Kim Eunji, Ivanov Ivan, Hua Jianping, Lampe Johanna W, Hullar Meredith Aj, Chapkin Robert S, Dougherty Edward R
Department of Electrical & Computer Engineering, Texas A&M University, College Station, TX, USA.
Department of Veterinary Physiology & Pharmacology, Texas A&M University, College Station, TX, USA.
Cancer Inform. 2017 Jun 12;16:1176935117710530. doi: 10.1177/1176935117710530. eCollection 2017.

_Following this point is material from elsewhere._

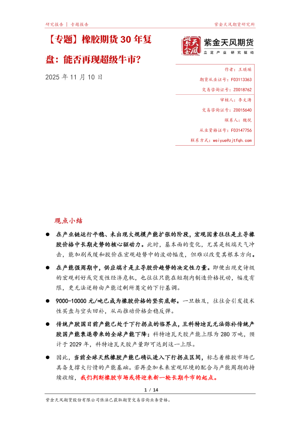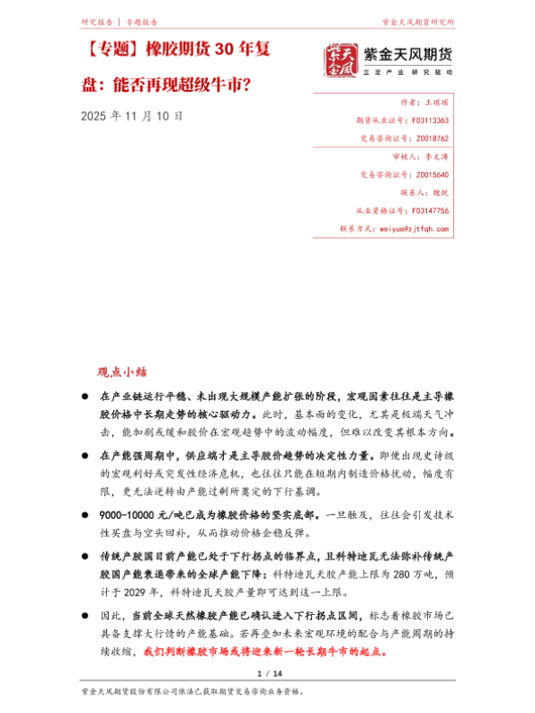 【紫金天风期货】【202511】橡胶期货 30年复盘:能否再现超级牛市?-14页

Ranking feature sets for phenotype classification based on gene expression is a challenging issue in cancer bioinformatics. When the number of samples is small, all feature selection algorithms are known to be unreliable, producing significant error, and error estimators suffer from different degrees of imprecision. The problem is compounded by the fact that the accuracy of classification depends on the manner in which the phenomena are transformed into data by the measurement technology. Because next-generation sequencing technologies amount to a nonlinear transformation of the actual gene or RNA concentrations, they can potentially produce less discriminative data relative to the actual gene expression levels. In this study, we compare the performance of ranking feature sets derived from a model of RNA-Seq data with that of a multivariate normal model of gene concentrations using 3 measures: (1) ranking power, (2) length of extensions, and (3) Bayes features. This is the model-based study to examine the effectiveness of reporting lists of small feature sets using RNA-Seq data and the effects of different model parameters and error estimators. The results demonstrate that the general trends of the parameter effects on the ranking power of the underlying gene concentrations are preserved in the RNA-Seq data, whereas the power of finding a good feature set becomes weaker when gene concentrations are transformed by the sequencing machine.
基于基因表达对表型分类的特征集进行排序是癌症生物信息学中的一个具有挑战性的问题。当样本数量较少时,所有特征选择算法都被认为是不可靠的,会产生显著误差,并且误差估计器也存在不同程度的不精确性。此外,分类的准确性取决于测量技术将现象转化为数据的方式,这使得问题更加复杂。由于下一代测序技术相当于对实际基因或RNA浓度的非线性转换,相对于实际基因表达水平,它们可能会产生区分性较差的数据。在本研究中,我们使用三种指标比较了从RNA-Seq数据模型导出的特征集排序性能与基因浓度多元正态模型的特征集排序性能:(1)排序能力,(2)扩展长度,以及(3)贝叶斯特征。这是一项基于模型的研究,旨在检验使用RNA-Seq数据报告小特征集列表的有效性以及不同模型参数和误差估计器的影响。结果表明,参数对潜在基因浓度排序能力的影响的总体趋势在RNA-Seq数据中得以保留,而当基因浓度由测序机器进行转换时,找到良好特征集的能力会变弱。